Sonu Ke Titu Ki Sweety
Cast: Nushrat Barucha, Karthik Aryan, Sunny Singh
Director: Luv Ranjan
Rating: 1/5
Bollywood films often begin with a disclaimer where filmmakers claim the story and characters in the film have no connection with any real person or incidents. I sincerely wish the disclaimer is 100% true for Luv Ranjan’s Sonu Ke Titu Ki Sweety. For, here’s a young guy who has no clue what he wants in life, a childhood friend who turns into Lalita Pawar-style mom-in-law every time he spots a girl near his friend, and a woman who claims to be ‘chalu’ but does everything that suits the bahus of a Sooraj Barjatya film. Have you met or heard of similar characters in real life? At least I haven’t.
Luv Ranjan — of Pyaar Ka Punchnama fame — is back with his team of actors, Nushrat Bharucha, Kartik Aaryan and Sunny Singh, and a new film, Sonu Ki Titu Ki Sweety. It is the story of a girlfriend and a friend fighting over the ‘possession’ of a man. Yep, this would be perhaps the first misogynist attempt where even a man has been objectified in the process.

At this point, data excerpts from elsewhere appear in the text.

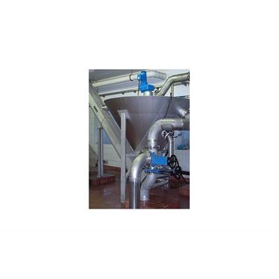 The organic rich wash water is discharge via an actuated valve, the supernatant overflows through the top circular weir. Washed particles settle to the bottom of the settlement trap, and are scraped the centre drop point to within the screw conveyor feed zone.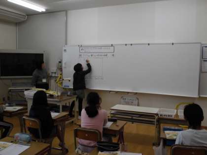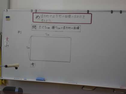 今日は,長方形と正方形の面積の求め方の学習をしました。教材提示装置を使って,自分の考えを発表していました。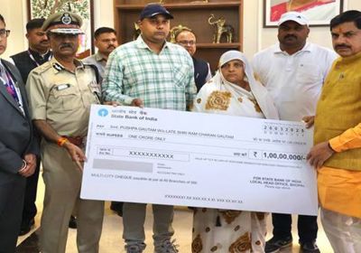 मुख्यमंत्री ने शहीद पुलिस उप निरीक्षक के परिवार को एक करोड़ रूपये का चेक प्रदान किया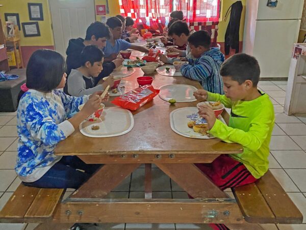 At Nueva Creación, learning happens in every corner of the home — around shared tables, under shady outdoor spaces, and in small groups where older children help the younger ones.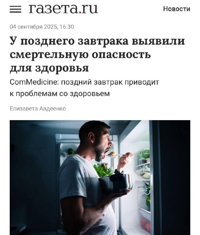 Привет, друзья! привет, друзья! Сегодня мы поговорим о том, как время нашего первого приёма пищи влияет на здоровье и качество жизни. Недавно врачи предупредили: поздний завтрак может значительно увеличить риск преждевременной смерти. Звучит как повод задуматься, не так ли? Представьте себе: вы просыпаетесь, а времени на полноценный завтрак нет. Спешка и нерегулярное питание становятся нормой. Но что происходит с нашим организмом в таких условиях? Смещение первого приёма пищи также связано с депрессией, хронической усталостью и нарушениями сна. Это как снежный ком: одно тянет за собой другое. Важно понимать, что забота о здоровье — это не просто следование моде или советам из интернета. Это наш выбор, который влияет на качество и продолжительность жизни. Давайте начнём день правильно, с полноценного завтрака. Он не только зарядит энергией, но и станет шагом к более здоровой и счастливой жизни. А что вы думаете о важности завтрака? Поделитесь своими мыслями в комментариях. Подписывайтес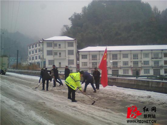 为了确保群众出行安全和道路交通畅通,乡政府发出紧急通知,要求政府干部及各村各部门迅速行动,统一调配分发雨衣、除雪铲、除雪耙等工具,组织干部职工、党员群众分别赶赴梨子坪隧道处、高速公路出口处、三叉路口处、街镇街道各重点积雪处、学校大门处清扫冰雪,并开通广播,通知全乡各村群众做好防寒、防滑、防摔、防砸、防撞工作。
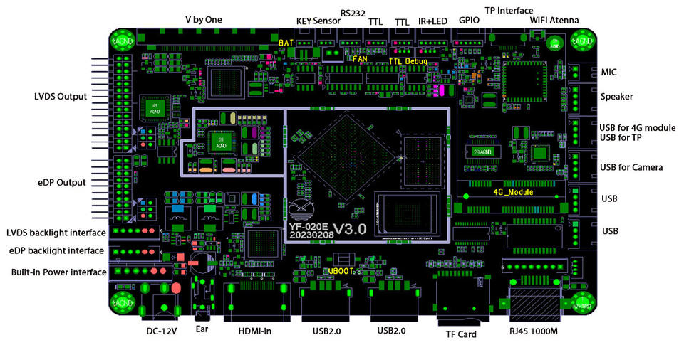 Placa Madre Digital Signage 12V Rk 3288 3562 3566 3568 3588 3399 Android Arm Linux

The film opens with Kartik aka Sonu delivering a Pyaar Ka Punchnama-style speech; only he is talking about the illogical demands of a client. We are soon told, through a few more similar throwbacks to Ranjan’s past films, that Sonu runs an event management company and his friend Titu (Sunny) is an idiot who hooks up with all the wrong girls and doesn’t even realise they are fooling him. He only has Sonu to save him from the assaults the womankind has decided to wreck on him.
Enter Sweety (Nushrat) via the arranged marriage route and Sonu’s life is shaken to the core. Not only is he insecure of ‘losing’ his friend, he even believes Sweety is too good to be true. While the character is unreal, the only mean thing she does in the entire movie is to tell Sonu that she is ‘chalu’. The filmmaker wants us to believe she is a good-digger, with the ‘gold-digger’ song playing in the background, but the story offers nothing to substantiate the claims.

From pulling an ex in the fight to manipulating family members, Sonu does everything you can imagine in a saas-bahu fight (or maybe watch in a TV serial) in his bid to separate Sweety from Titu.
Right from Sonu asking Titu to get a better cook or maid instead of getting married to Sweety to threatening her with false cases, the script and dialogues reek of misogyny that even the two Pyaar Ka Punchnama films couldn’t bring together.

If there’s one fresh or slightly entertaining thing in the film, it is the pairing of Alok Nath and Virendra Saxena. Alok Nath shuns his sanskari image and dons the avatar of a cool granddad. Though his dialogues are also gender-biased, the novelty of watching Alok Nath in a non-sanskari garb can be fun. Saxena plays Alok Nath’s old friend and even with limited dialogues, he manages to keep the sequences interesting with his restrained acting.
The one thing that worked for Pyaar Ka Punchnama films was the relatability, even if it was restricted to guys-only discussions. Sonu Ke Titu Ki Sweety doesn’t have that, nor is it funny.